§ **REQUIRED WORK**:
Please retype the data below line for line and leave out every picture.

TASK INPUTS: Begin

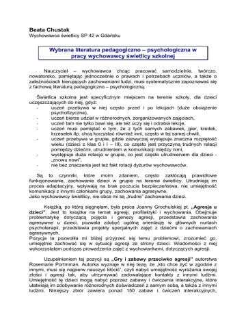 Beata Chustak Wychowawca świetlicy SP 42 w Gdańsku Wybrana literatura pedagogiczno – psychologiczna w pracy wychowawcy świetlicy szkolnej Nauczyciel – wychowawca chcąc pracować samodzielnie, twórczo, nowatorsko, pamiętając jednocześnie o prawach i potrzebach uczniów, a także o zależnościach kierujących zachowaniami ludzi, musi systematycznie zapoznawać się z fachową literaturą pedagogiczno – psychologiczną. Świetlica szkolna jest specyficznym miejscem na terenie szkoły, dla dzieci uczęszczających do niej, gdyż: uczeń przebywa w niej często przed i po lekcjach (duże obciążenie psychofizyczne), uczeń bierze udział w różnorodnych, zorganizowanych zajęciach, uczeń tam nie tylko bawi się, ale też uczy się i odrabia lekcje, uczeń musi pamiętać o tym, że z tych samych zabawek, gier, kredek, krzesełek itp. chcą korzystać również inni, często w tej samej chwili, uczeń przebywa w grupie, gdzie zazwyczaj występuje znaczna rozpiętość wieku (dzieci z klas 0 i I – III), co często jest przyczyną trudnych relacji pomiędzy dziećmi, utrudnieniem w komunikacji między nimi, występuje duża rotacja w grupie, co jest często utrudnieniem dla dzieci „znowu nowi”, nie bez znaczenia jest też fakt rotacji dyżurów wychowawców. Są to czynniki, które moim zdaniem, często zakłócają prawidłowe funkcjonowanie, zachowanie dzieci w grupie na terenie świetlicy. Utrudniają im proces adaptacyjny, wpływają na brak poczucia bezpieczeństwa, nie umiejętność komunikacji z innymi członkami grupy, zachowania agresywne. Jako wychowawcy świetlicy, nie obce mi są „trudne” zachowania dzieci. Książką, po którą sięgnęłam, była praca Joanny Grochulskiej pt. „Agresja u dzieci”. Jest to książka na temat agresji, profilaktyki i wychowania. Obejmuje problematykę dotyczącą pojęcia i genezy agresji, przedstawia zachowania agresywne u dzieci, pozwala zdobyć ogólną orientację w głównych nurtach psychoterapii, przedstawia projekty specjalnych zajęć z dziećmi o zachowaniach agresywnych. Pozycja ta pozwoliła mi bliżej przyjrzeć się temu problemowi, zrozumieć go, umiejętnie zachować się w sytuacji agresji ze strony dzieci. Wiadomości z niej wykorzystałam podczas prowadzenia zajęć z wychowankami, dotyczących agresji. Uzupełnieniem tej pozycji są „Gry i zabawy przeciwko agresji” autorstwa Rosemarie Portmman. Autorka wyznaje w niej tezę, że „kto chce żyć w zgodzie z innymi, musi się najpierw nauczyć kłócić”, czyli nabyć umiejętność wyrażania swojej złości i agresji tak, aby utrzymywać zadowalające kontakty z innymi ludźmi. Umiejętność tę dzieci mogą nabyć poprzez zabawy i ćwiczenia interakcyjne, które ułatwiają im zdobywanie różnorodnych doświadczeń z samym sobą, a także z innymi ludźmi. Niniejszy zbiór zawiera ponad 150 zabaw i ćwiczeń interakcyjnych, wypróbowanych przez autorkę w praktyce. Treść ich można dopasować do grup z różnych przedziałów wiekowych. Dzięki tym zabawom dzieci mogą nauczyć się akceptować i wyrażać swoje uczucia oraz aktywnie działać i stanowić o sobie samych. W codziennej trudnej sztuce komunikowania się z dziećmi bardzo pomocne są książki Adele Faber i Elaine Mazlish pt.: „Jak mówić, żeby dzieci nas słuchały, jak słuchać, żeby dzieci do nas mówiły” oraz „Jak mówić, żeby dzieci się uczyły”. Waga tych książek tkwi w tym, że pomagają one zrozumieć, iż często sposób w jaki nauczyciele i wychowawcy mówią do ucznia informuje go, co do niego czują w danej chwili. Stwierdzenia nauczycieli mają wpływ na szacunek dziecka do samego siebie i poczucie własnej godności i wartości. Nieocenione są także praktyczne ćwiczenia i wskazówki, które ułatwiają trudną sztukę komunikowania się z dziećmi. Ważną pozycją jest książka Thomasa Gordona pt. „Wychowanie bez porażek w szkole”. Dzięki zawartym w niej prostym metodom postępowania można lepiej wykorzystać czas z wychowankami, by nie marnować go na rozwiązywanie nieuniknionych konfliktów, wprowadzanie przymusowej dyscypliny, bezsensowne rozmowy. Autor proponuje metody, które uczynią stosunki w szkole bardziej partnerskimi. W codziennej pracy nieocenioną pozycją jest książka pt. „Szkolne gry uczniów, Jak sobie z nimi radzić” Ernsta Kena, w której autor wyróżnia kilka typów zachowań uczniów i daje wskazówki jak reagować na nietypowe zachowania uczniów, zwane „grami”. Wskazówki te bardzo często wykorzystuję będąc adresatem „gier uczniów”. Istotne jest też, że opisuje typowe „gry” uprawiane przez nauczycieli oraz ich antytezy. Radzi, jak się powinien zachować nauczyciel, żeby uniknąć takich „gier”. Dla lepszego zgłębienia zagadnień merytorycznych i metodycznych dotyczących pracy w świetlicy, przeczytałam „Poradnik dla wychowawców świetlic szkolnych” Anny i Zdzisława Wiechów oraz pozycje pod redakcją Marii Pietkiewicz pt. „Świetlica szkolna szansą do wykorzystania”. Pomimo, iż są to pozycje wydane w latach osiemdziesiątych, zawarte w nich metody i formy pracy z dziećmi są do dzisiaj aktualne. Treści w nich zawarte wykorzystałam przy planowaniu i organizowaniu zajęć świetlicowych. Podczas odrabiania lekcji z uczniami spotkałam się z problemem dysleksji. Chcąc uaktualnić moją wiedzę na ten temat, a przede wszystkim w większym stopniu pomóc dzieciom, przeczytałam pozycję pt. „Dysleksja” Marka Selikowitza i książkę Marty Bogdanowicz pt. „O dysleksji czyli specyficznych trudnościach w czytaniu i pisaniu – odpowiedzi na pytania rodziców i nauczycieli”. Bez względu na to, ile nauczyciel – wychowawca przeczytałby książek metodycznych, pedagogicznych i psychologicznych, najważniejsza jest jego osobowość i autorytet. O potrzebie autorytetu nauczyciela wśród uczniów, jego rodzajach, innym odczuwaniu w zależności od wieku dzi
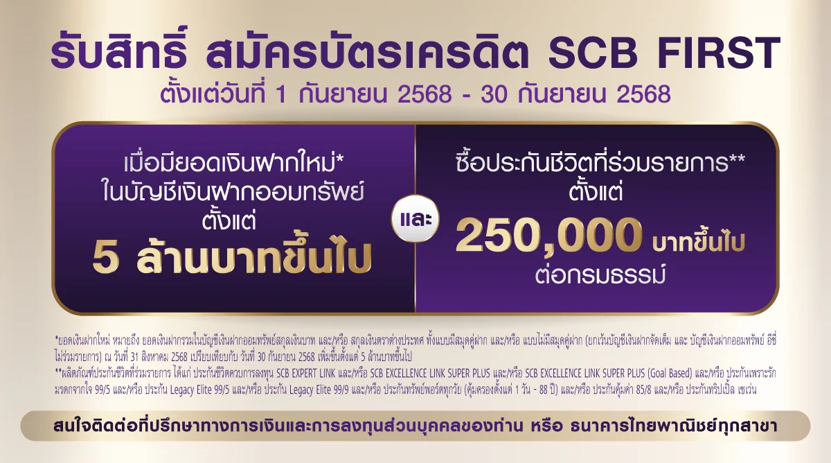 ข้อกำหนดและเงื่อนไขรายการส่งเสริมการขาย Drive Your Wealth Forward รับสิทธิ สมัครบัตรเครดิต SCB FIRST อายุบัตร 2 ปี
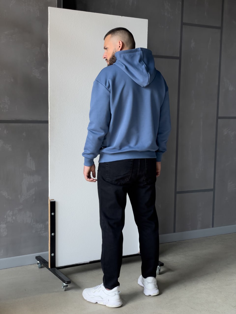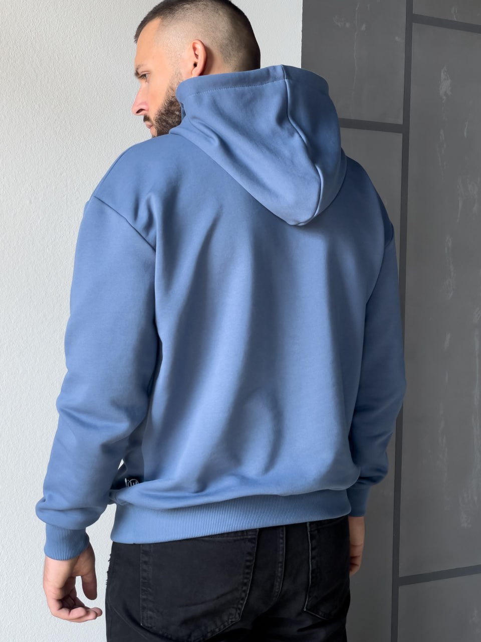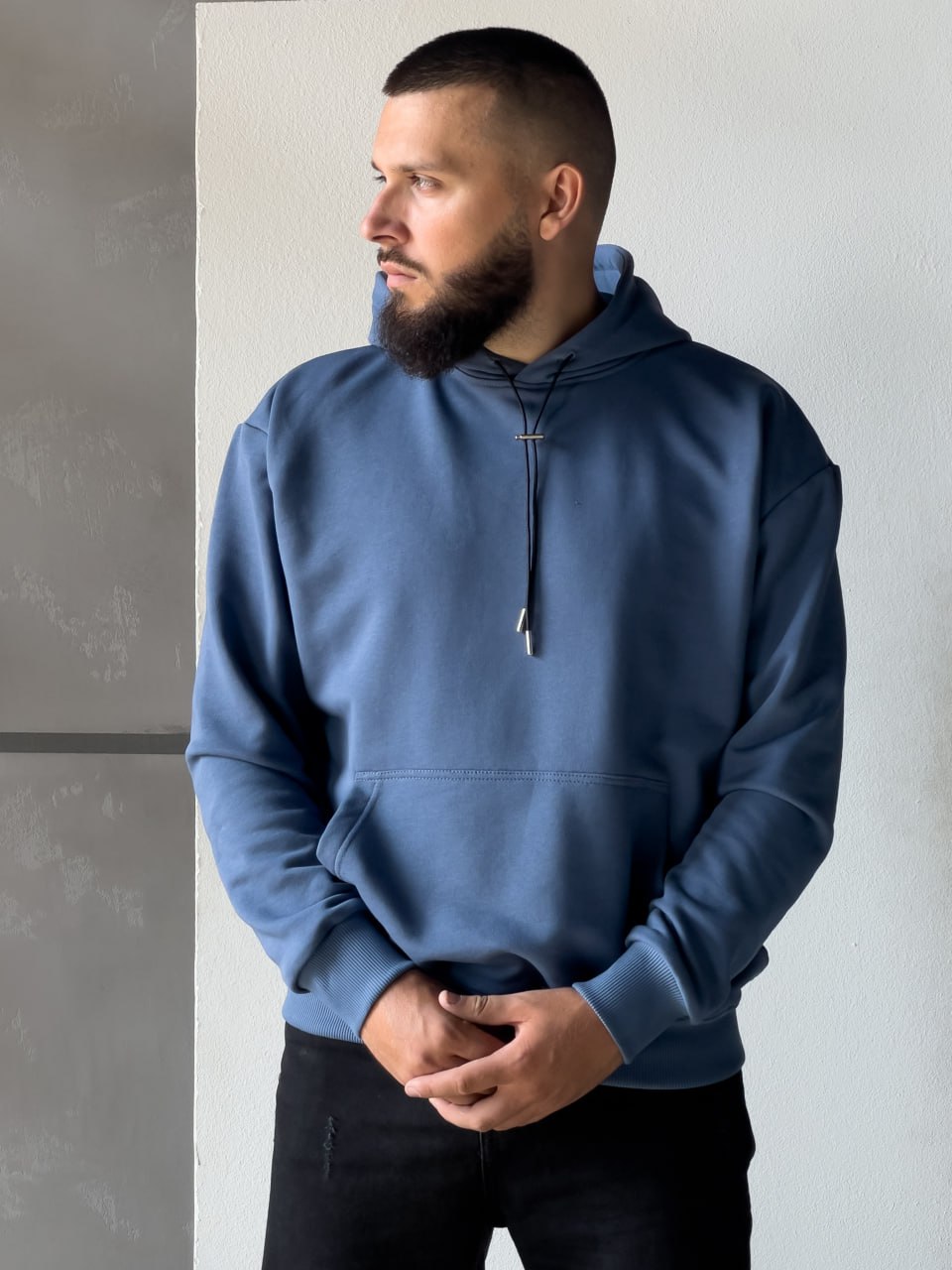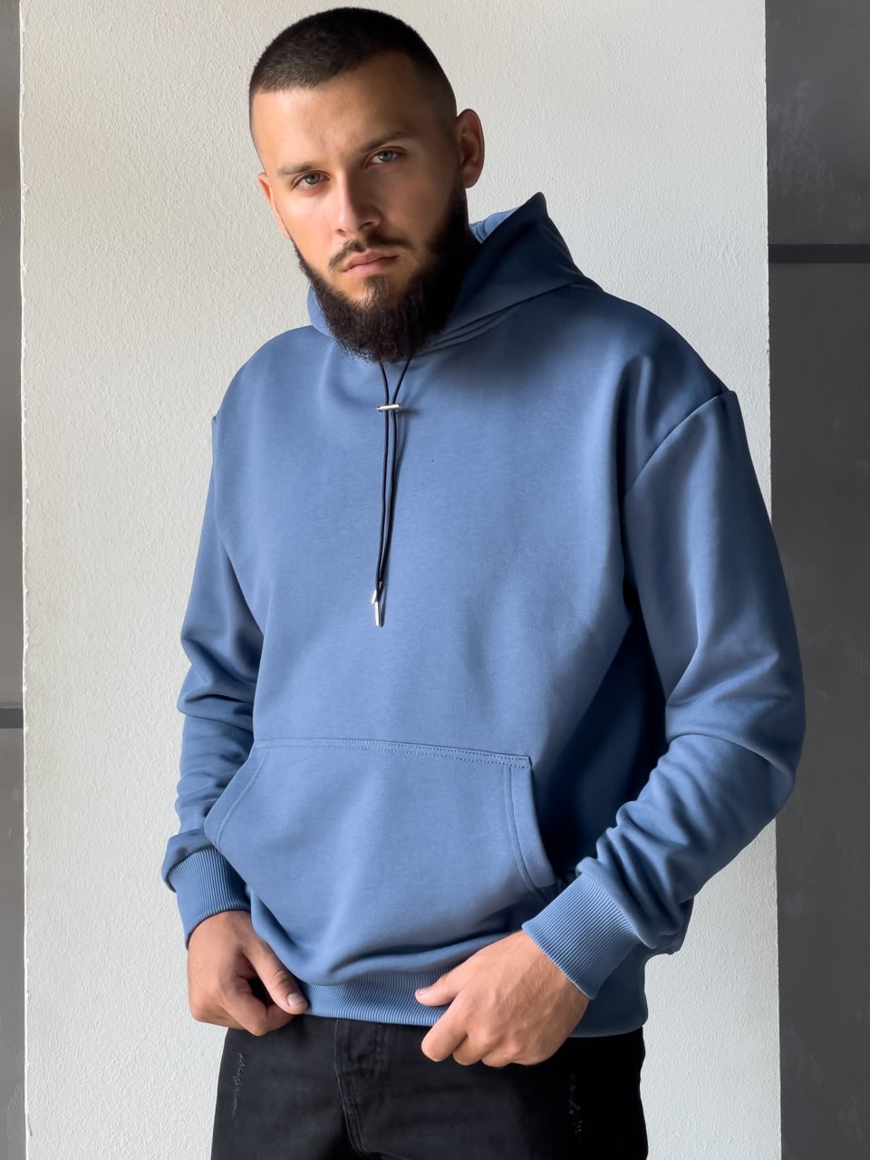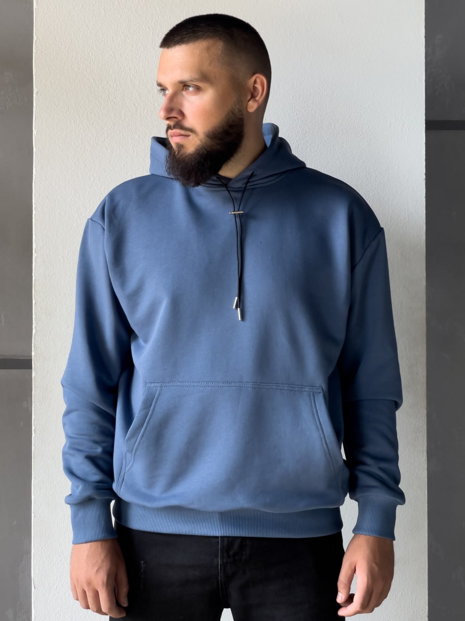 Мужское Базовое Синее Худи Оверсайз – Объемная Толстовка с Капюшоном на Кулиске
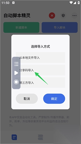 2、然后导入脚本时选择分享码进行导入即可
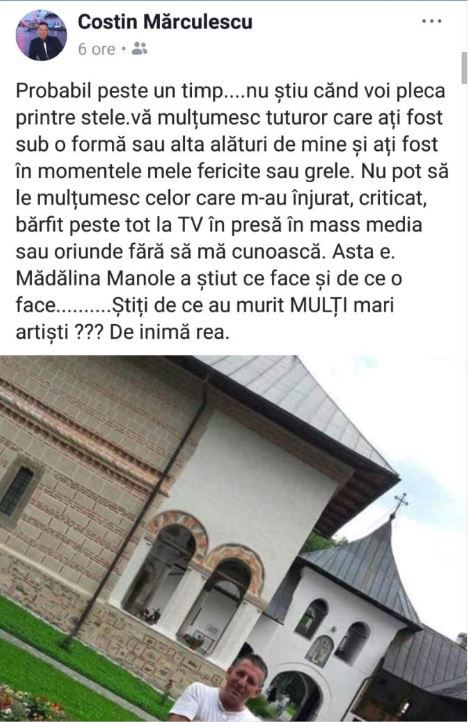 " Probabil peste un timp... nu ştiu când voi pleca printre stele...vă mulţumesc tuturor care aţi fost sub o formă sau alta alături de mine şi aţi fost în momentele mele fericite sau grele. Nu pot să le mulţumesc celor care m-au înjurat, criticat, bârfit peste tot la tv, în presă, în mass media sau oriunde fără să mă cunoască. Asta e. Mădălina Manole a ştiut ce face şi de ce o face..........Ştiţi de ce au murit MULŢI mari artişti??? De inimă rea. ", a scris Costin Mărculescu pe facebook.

TASK INPUTS: End

§ **EXERCISE ANSWER**:
 Beata Chustak Wychowawca świetlicy SP 42 w Gdańsku Wybrana literatura pedagogiczno – psychologiczna w pracy wychowawcy świetlicy szkolnej Nauczyciel – wychowawca chcąc pracować samodzielnie, twórczo, nowatorsko, pamiętając jednocześnie o prawach i potrzebach uczniów, a także o zależnościach kierujących zachowaniami ludzi, musi systematycznie zapoznawać się z fachową literaturą pedagogiczno – psychologiczną. Świetlica szkolna jest specyficznym miejscem na terenie szkoły, dla dzieci uczęszczających do niej, gdyż: uczeń przebywa w niej często przed i po lekcjach (duże obciążenie psychofizyczne), uczeń bierze udział w różnorodnych, zorganizowanych zajęciach, uczeń tam nie tylko bawi się, ale też uczy się i odrabia lekcje, uczeń musi pamiętać o tym, że z tych samych zabawek, gier, kredek, krzesełek itp. chcą korzystać również inni, często w tej samej chwili, uczeń przebywa w grupie, gdzie zazwyczaj występuje znaczna rozpiętość wieku (dzieci z klas 0 i I – III), co często jest przyczyną trudnych relacji pomiędzy dziećmi, utrudnieniem w komunikacji między nimi, występuje duża rotacja w grupie, co jest często utrudnieniem dla dzieci „znowu nowi”, nie bez znaczenia jest też fakt rotacji dyżurów wychowawców. Są to czynniki, które moim zdaniem, często zakłócają prawidłowe funkcjonowanie, zachowanie dzieci w grupie na terenie świetlicy. Utrudniają im proces adaptacyjny, wpływają na brak poczucia bezpieczeństwa, nie umiejętność komunikacji z innymi członkami grupy, zachowania agresywne. Jako wychowawcy świetlicy, nie obce mi są „trudne” zachowania dzieci. Książką, po którą sięgnęłam, była praca Joanny Grochulskiej pt. „Agresja u dzieci”. Jest to książka na temat agresji, profilaktyki i wychowania. Obejmuje problematykę dotyczącą pojęcia i genezy agresji, przedstawia zachowania agresywne u dzieci, pozwala zdobyć ogólną orientację w głównych nurtach psychoterapii, przedstawia projekty specjalnych zajęć z dziećmi o zachowaniach agresywnych. Pozycja ta pozwoliła mi bliżej przyjrzeć się temu problemowi, zrozumieć go, umiejętnie zachować się w sytuacji agresji ze strony dzieci. Wiadomości z niej wykorzystałam podczas prowadzenia zajęć z wychowankami, dotyczących agresji. Uzupełnieniem tej pozycji są „Gry i zabawy przeciwko agresji” autorstwa Rosemarie Portmman. Autorka wyznaje w niej tezę, że „kto chce żyć w zgodzie z innymi, musi się najpierw nauczyć kłócić”, czyli nabyć umiejętność wyrażania swojej złości i agresji tak, aby utrzymywać zadowalające kontakty z innymi ludźmi. Umiejętność tę dzieci mogą nabyć poprzez zabawy i ćwiczenia interakcyjne, które ułatwiają im zdobywanie różnorodnych doświadczeń z samym sobą, a także z innymi ludźmi. Niniejszy zbiór zawiera ponad 150 zabaw i ćwiczeń interakcyjnych, wypróbowanych przez autorkę w praktyce. Treść ich można dopasować do grup z różnych przedziałów wiekowych. Dzięki tym zabawom dzieci mogą nauczyć się akceptować i wyrażać swoje uczucia oraz aktywnie działać i stanowić o sobie samych. W codziennej trudnej sztuce komunikowania się z dziećmi bardzo pomocne są książki Adele Faber i Elaine Mazlish pt.: „Jak mówić, żeby dzieci nas słuchały, jak słuchać, żeby dzieci do nas mówiły” oraz „Jak mówić, żeby dzieci się uczyły”. Waga tych książek tkwi w tym, że pomagają one zrozumieć, iż często sposób w jaki nauczyciele i wychowawcy mówią do ucznia informuje go, co do niego czują w danej chwili. Stwierdzenia nauczycieli mają wpływ na szacunek dziecka do samego siebie i poczucie własnej godności i wartości. Nieocenione są także praktyczne ćwiczenia i wskazówki, które ułatwiają trudną sztukę komunikowania się z dziećmi. Ważną pozycją jest książka Thomasa Gordona pt. „Wychowanie bez porażek w szkole”. Dzięki zawartym w niej prostym metodom postępowania można lepiej wykorzystać czas z wychowankami, by nie marnować go na rozwiązywanie nieuniknionych konfliktów, wprowadzanie przymusowej dyscypliny, bezsensowne rozmowy. Autor proponuje metody, które uczynią stosunki w szkole bardziej partnerskimi. W codziennej pracy nieocenioną pozycją jest książka pt. „Szkolne gry uczniów, Jak sobie z nimi radzić” Ernsta Kena, w której autor wyróżnia kilka typów zachowań uczniów i daje wskazówki jak reagować na nietypowe zachowania uczniów, zwane „grami”. Wskazówki te bardzo często wykorzystuję będąc adresatem „gier uczniów”. Istotne jest też, że opisuje typowe „gry” uprawiane przez nauczycieli oraz ich antytezy. Radzi, jak się powinien zachować nauczyciel, żeby uniknąć takich „gier”. Dla lepszego zgłębienia zagadnień merytorycznych i metodycznych dotyczących pracy w świetlicy, przeczytałam „Poradnik dla wychowawców świetlic szkolnych” Anny i Zdzisława Wiechów oraz pozycje pod redakcją Marii Pietkiewicz pt. „Świetlica szkolna szansą do wykorzystania”. Pomimo, iż są to pozycje wydane w latach osiemdziesiątych, zawarte w nich metody i formy pracy z dziećmi są do dzisiaj aktualne. Treści w nich zawarte wykorzystałam przy planowaniu i organizowaniu zajęć świetlicowych. Podczas odrabiania lekcji z uczniami spotkałam się z problemem dysleksji. Chcąc uaktualnić moją wiedzę na ten temat, a przede wszystkim w większym stopniu pomóc dzieciom, przeczytałam pozycję pt. „Dysleksja” Marka Selikowitza i książkę Marty Bogdanowicz pt. „O dysleksji czyli specyficznych trudnościach w czytaniu i pisaniu – odpowiedzi na pytania rodziców i nauczycieli”. Bez względu na to, ile nauczyciel – wychowawca przeczytałby książek metodycznych, pedagogicznych i psychologicznych, najważniejsza jest jego osobowość i autorytet. O potrzebie autorytetu nauczyciela wśród uczniów, jego rodzajach, innym odczuwaniu w zależności od wieku dzi
 ข้อกำหนดและเงื่อนไขรายการส่งเสริมการขาย Drive Your Wealth Forward รับสิทธิ สมัครบัตรเครดิต SCB FIRST อายุบัตร 2 ปี
 Мужское Базовое Синее Худи Оверсайз – Объемная Толстовка с Капюшоном на Кулиске
 2、然后导入脚本时选择分享码进行导入即可
 " Probabil peste un timp... nu ştiu când voi pleca printre stele...vă mulţumesc tuturor care aţi fost sub o formă sau alta alături de mine şi aţi fost în momentele mele fericite sau grele. Nu pot să le mulţumesc celor care m-au înjurat, criticat, bârfit peste tot la tv, în presă, în mass media sau oriunde fără să mă cunoască. Asta e. Mădălina Manole a ştiut ce face şi de ce o face..........Ştiţi de ce au murit MULŢI mari artişti??? De inimă rea. ", a scris Costin Mărculescu pe facebook.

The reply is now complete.